> DATA SHOWN

========================

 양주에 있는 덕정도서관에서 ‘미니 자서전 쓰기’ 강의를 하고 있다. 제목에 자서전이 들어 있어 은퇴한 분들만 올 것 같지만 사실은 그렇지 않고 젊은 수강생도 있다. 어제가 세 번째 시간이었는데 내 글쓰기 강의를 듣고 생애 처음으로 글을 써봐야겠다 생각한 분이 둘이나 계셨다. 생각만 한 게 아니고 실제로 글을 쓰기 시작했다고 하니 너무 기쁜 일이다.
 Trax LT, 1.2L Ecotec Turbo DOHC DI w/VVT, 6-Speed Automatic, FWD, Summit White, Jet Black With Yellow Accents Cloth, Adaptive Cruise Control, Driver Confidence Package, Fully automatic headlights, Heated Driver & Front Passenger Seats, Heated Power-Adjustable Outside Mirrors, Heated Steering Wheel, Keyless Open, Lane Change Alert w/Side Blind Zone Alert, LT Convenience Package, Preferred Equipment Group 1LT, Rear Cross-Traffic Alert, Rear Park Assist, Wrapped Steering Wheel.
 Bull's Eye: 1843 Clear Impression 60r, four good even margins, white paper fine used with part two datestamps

========================

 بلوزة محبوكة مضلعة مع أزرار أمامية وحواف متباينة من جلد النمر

========================

> PROBLEM DESCRIPTION
Your answer should be the lines above, from the line containing "양주에 있는 덕정도서관에서" up to and including the line containing "Bull's Eye: 1843", reproduced exactly and with nothing else.

> ANSWER SECTION
 양주에 있는 덕정도서관에서 ‘미니 자서전 쓰기’ 강의를 하고 있다. 제목에 자서전이 들어 있어 은퇴한 분들만 올 것 같지만 사실은 그렇지 않고 젊은 수강생도 있다. 어제가 세 번째 시간이었는데 내 글쓰기 강의를 듣고 생애 처음으로 글을 써봐야겠다 생각한 분이 둘이나 계셨다. 생각만 한 게 아니고 실제로 글을 쓰기 시작했다고 하니 너무 기쁜 일이다.
 Trax LT, 1.2L Ecotec Turbo DOHC DI w/VVT, 6-Speed Automatic, FWD, Summit White, Jet Black With Yellow Accents Cloth, Adaptive Cruise Control, Driver Confidence Package, Fully automatic headlights, Heated Driver & Front Passenger Seats, Heated Power-Adjustable Outside Mirrors, Heated Steering Wheel, Keyless Open, Lane Change Alert w/Side Blind Zone Alert, LT Convenience Package, Preferred Equipment Group 1LT, Rear Cross-Traffic Alert, Rear Park Assist, Wrapped Steering Wheel.
 Bull's Eye: 1843 Clear Impression 60r, four good even margins, white paper fine used with part two datestamps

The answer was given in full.